From The Quarterly, Summer 2015

Researchers have identified more than 100 genes whose activity differs significantly between people with major depressive disorder and people who have never experienced major depression. The differences, which could stem from inherited genetic factors or from environmental influences, help point scientists toward biological pathways likely to be involved in the disorder.

While there is good evidence that a person’s genetics influence his or her likelihood of developing major depression, scientists have only just begun to uncover specific genetic variations that may increase risk. In a new study, published May 26th in the journal Molecular Psychiatry, scientists led by Patrick F. Sullivan, M.D., at the University of North Carolina School of Medicine honed in on relevant genes by measuring and comparing gene activity in the cells of more than 1,800 individuals. To date, this is the largest analysis of gene expression in people with major depression.

Dr. Sullivan is a 2010 NARSAD Distinguished Investigator and was the 2014 Lieber Prizewinner for Outstanding Achievement in Schizophrenia Research. Dorret I. Boomsma, Ph.D., a 2011 NARSAD Distinguished Investigator at the VU University Amsterdam, also took part in the research. The team’s gene expression analysis is a complementary approach to genome-wide association studies (GWAS) being conducted by the Psychiatric Genomics Consortium that Dr. Sullivan co-leads. GWAS examine many common genetic variants in different people to find out whether any variant is linked with a trait. Dr. Sullivan has estimated that finding a genetic “signal” in a GWAS study of depression may require a sample size of 100,000 people, a goal that has not yet been reached.

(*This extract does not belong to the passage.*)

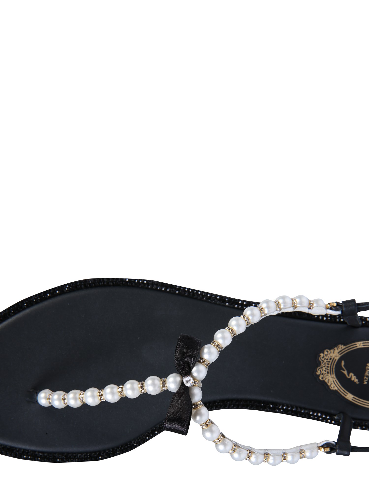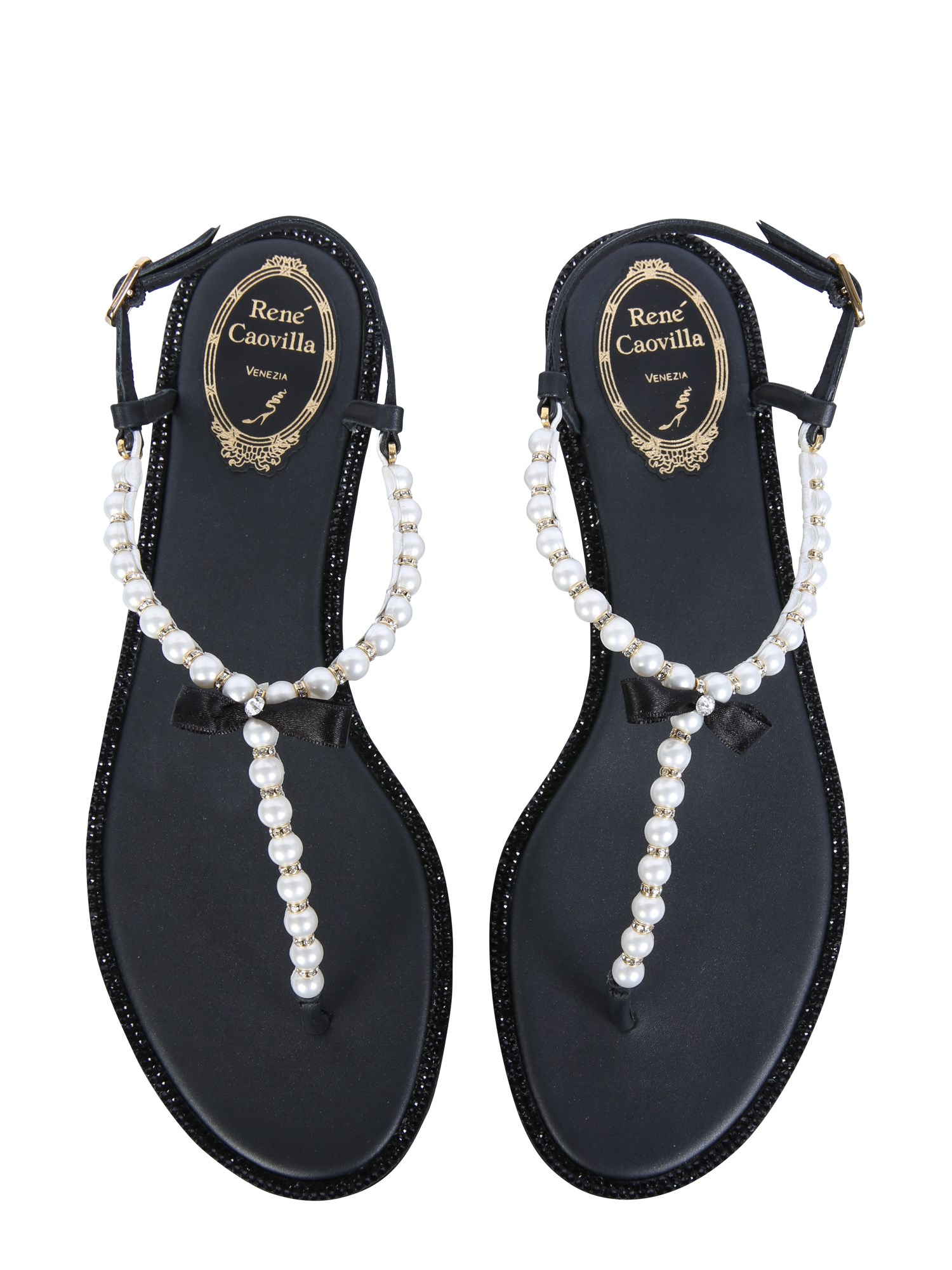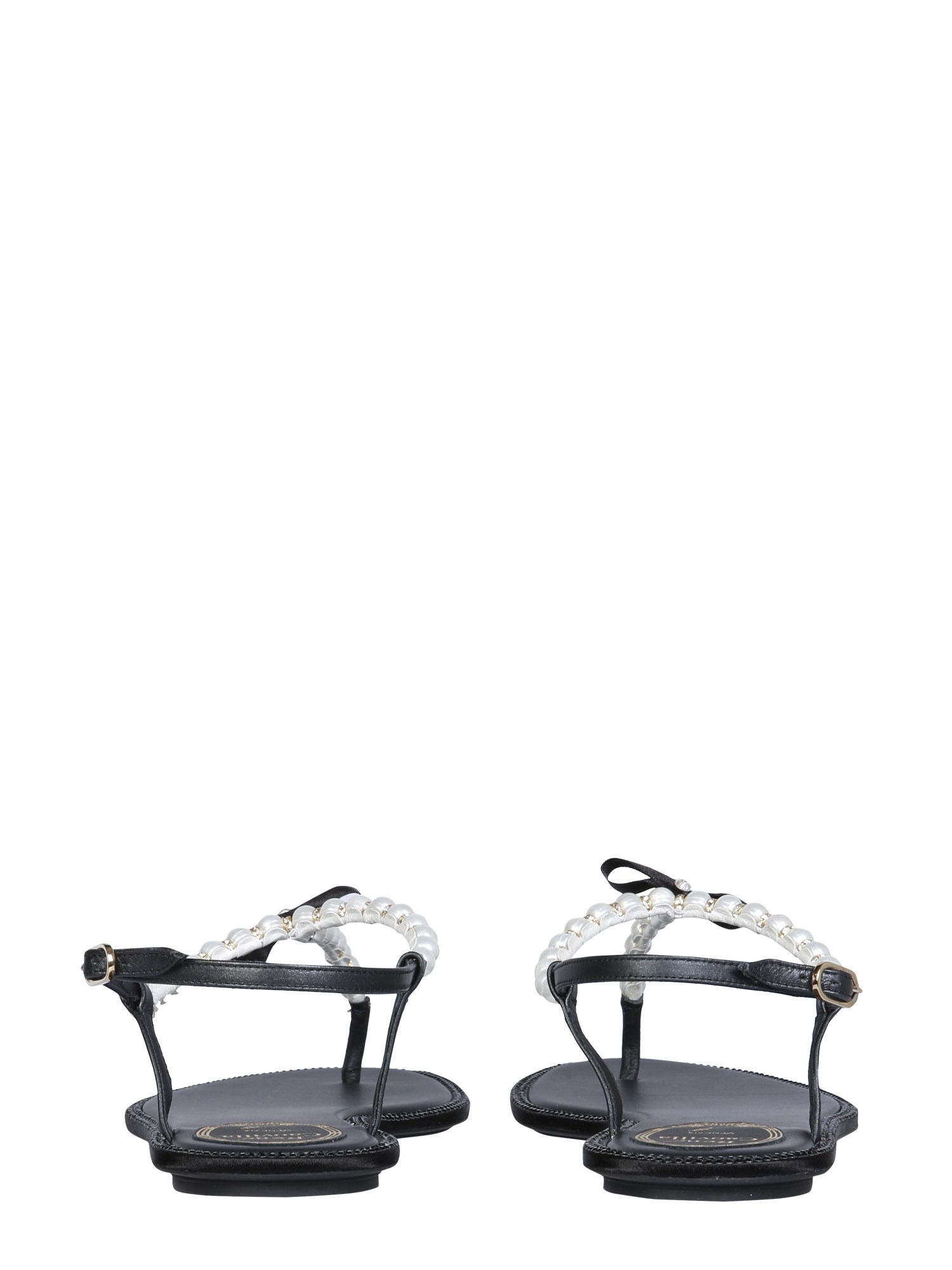 Dress up and look fabulous wearing the Amalia Leather Sandals with Pearl Rhinestones by Rene Caovilla. These sandals are made of 100% leather material. They also have adjustable straps at the ankle with buckles and a bow for a fitted wear. With a rubber sole, these durable sandals pair well with black and/or silver casual outfits or a midi-dress. These sandals are made in Italy.

Using blood samples collected as part of the Netherlands Study of Depression and Anxiety, Dr. Sullivan and his colleagues measured gene expression in the cells of 882 people with depression, 635 people who were not experiencing major depression at the time of the study but had in the past, as well as a control group of 331 people who reported no current or past depression.

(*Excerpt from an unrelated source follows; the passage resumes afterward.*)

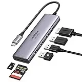 13 Händlerangebote bei billiger.de - Kategorie: USB-Hubs - UGREEN - Multiport für Multitasking: Der in einem Aluminumgehäuse untergebrachte USB C Multiport Hub ist mit einem 20cm langen Anschlusskabel ausgestattet und bietet einen PD-Ladeport, einen HDMI- sowie zwei USB-A-Anschluss sowie Steckplätze für SD- und MicroSD-Karten. Wirklich eine gute Alternative zur Funktionserweiterung des Laptops. 4K@60Hz USB-C zu HDMI Adapter: Mit diesem USB C HDMI Hub können Sie Videos mit HDMI-Anschluss von Ihrem Laptop auf externen Monitor streamen oder erweitern. Hohe Auflösung mit 4K@60Hz sorgt für Ausgabe von erstklassiger Bildqualität und flüssigen Videoszenen. 100W PD für langen Betrieb: Der USB C Hub mit PD Port versorgt Ihren USB C Laptop mit genug Strom für langen Betrieb und stabile Verbindung.Beim iPad, der nur einen USB C Anschluss hat, gibt der Hub gleichzeitige Lademöglichkeit während paralleler Filmausgabe über USB-C an HDMI. Kein Lag für Datenübertragung: 2 USB 3.0 Anschlüsse liefern blitzschnelle Transferrate von bis zu 5Gbps und lassen 1G Dokumente innerhalb von nur 5 Sekunden transferieren. SD/TF Kartenleser lassen 100 Fotos innerhalb von nur 10 Sekunden übertragen und verleihen ein außergewöhnliches Foto-Sharing-Erlebnis. Breite Kompatibilität: Der USB C Hub mit 4K bei 60Hz ist kompatibel mit neuen USB-C Laptops / Tablets / Smartphone - Macbook Pro 2021 2020 2019 2018, MacBook Air M1 2020, iPad Pro 2021/2020 (11',12.9'), Surface Pro 7, ASUS Zenbook Flips, DELL XPS 13 Book ... Diese Dockingstation mit 6 Ports ist eine umfassende Lösung für Nutzer, die viele Peripheriegeräte an ihr USB-C Gerät anschließen möchten. ![]()

They found 119 genes whose activity differed between the control group and people with current depression. Many of these, they found, were genes that affect immune function. This was consistent with other lines of research that have suggested a link between the immune system and mood disorders.

Changes seen in current depression patients were small but statistically significant. In contrast, gene expression patterns in people who been depressed in the past were not significantly different from— people in the study who never had depression.

Two years after their initial analysis, Dr. Sullivan and colleagues collected additional data from a subset of the people in their study. This enabled them to compare gene activity between those who had recovered from their depression and those whose depression had continued. Of the 119 depression- associated genes they had already identified, they found 19 genes whose activity also correlated with changes in depression—in these 19 genes, expression was more likely to have returned to normal among those who had recovered from their depression.